Now for a hefty amount of reading, and then some programming language discussion!

Comment viewing options

Select your preferred way to display the comments and click "Save settings" to activate your changes.

A programming language needs a model of computation

A programming language needs to be mapped to model of computation. Otherwise, it is syntax without semantics.

Some models of computation, (e.g., functions that can be implemented in the lambda calculus) limit the abstractions that can be implemented.

No comprende

I still don't get the ideas here. I haven't ever worked through the details of Felleisen's result, but the idea of comparing expressiveness of two languages by whether or not it's possible to macro express one in the other is pretty simple. I have been unable to attain a comparable understanding of your abstractiveness from the blog and technical report.

For example, you say that abstractiveness is like a second derivative of semantics, but I have trouble even identifying Felleisen's expressiveness as a first derivative of semantics. A high first derivative of semantics would seem to me to mean that you change the program a little and the meaning changes a lot. That doesn't sound like a very useful property. Expressiveness is rather an ordering of languages, rather than a rate of anything. By the time we go to take a second derivative I'm completely lost.
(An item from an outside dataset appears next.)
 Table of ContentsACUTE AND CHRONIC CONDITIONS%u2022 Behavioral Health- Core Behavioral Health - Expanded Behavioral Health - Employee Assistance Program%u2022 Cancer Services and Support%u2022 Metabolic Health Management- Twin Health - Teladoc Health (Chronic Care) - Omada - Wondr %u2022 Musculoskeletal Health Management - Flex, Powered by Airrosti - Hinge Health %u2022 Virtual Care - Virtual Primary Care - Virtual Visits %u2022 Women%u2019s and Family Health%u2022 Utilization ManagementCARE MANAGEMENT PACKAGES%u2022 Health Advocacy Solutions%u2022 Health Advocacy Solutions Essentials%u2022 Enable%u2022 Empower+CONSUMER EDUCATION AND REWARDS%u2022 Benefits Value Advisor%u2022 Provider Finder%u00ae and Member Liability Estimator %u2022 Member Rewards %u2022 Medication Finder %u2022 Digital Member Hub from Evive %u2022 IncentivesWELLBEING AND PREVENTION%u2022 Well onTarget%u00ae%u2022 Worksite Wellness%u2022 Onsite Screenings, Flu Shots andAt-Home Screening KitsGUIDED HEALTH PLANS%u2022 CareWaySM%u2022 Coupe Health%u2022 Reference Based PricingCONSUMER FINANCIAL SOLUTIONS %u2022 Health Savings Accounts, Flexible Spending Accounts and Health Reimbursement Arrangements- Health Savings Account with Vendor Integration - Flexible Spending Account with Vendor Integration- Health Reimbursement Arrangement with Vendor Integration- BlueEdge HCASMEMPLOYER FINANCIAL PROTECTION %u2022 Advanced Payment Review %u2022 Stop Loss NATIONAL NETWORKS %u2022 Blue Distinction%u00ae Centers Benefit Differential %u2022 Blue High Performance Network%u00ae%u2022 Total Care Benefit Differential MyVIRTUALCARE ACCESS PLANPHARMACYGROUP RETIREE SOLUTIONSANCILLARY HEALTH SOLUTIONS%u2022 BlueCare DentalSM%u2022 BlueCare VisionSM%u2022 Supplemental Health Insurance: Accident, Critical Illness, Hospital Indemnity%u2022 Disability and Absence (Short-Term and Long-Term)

And I don't like the example you've chosen as a test case, because it feels like something that fits perfectly well into Felleisen's expressiveness, save for a technicality that reporting error messages in certain cases isn't one of his observables. Can you give a test case that better conveys what abstractiveness is about?
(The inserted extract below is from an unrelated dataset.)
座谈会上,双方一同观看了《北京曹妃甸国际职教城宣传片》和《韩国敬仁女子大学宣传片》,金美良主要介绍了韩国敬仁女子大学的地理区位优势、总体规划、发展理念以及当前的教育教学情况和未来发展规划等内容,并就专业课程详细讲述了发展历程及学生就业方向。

In general, my intuition is that there are certain classes of languages that are maximally extensible, in a sense that can probably be made precise, but that involves only a reachability test and not a metric/distance. And that this will be a useful property for a language to have, but that there will be a large variance in language quality among languages with this extensibility property.

No metric/distance

A misunderstanding, perchance. There's no metric/distance in the treatment; the language of metrics is used in the purely metaphorical term "radius of abstraction", but that's it. The treatment is mathematical, but not numerical. Notably, the derivative metaphor isn't intended in any remotely numerical sense. The derivative metaphor also isn't meant to suggest a positive correlation between "sensitivity of the semantics to small program changes" and "expressive power". I have occasionally used the term "capricious" for a language in which small program changes are likely to produce abrupt discontinuities in the semantic landscape; at a guess, that seems likely to diminish abstractive power, being rather at odds with the intuition behind the term "smoothness".
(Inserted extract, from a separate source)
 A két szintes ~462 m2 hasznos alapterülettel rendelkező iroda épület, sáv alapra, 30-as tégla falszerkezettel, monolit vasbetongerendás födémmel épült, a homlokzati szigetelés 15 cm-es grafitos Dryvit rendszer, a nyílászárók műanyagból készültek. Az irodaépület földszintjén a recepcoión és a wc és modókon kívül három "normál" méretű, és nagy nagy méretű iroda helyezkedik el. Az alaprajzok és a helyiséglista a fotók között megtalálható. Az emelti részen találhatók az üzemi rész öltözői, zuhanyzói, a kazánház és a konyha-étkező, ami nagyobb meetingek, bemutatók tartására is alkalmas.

The point of the example is that it doesn't fit expressiveness, because the languages are of equal expressive power (or, if one sets up the languages differently, of weakly equal expressive power); to distinguish them decisively using expressiveness one would have to restrict the expressive transformations so as to exclude the remove-"private"-keyword operation, which would probably leave nothing left but subsetting of languages (category Inc). To distinguish those two languages decisively, so that the distinction doesn't rely on fine points of the set-up nor on draconian restrictions on the class of transformations from one language to the other, I looked at whether the transformation between languages respects subsetting relationships between derived languages — which is (a specific instance of) my definition of abstractive power. Turns out, any macro transformation from the one language to the other decisively fails to preserve [subsetting] relationships beween corresponding derived languages.

OK, so do I understand

OK, so do I understand correctly that your definition of abstractiveness attempts to model how definitions in the prefix of a program affect the language accepted by the suffix of a program? If I add a primitive to my language that allows an arbitrary interpreter to processing the remaining token stream, why is that not maximally abstractive in your framework?

in two parts

I'll tackle that in two parts.

do I understand correctly that your definition of abstractiveness attempts to model how definitions in the prefix of a program affect the language accepted by the suffix of a program?

Hm. In my treatment there isn't really such a thing as a "complete program", just a sequence of texts, some of which may be observable, and the sequence may or may not be a prefix of some other allowed sequences. The set of suffixes that can be added to this prefix, forming these other allowed sequences, is itself a set of sequences of texts, which makes it a programming language, and I'm interested in how the prefix that reached this new language affects the properties of the new language.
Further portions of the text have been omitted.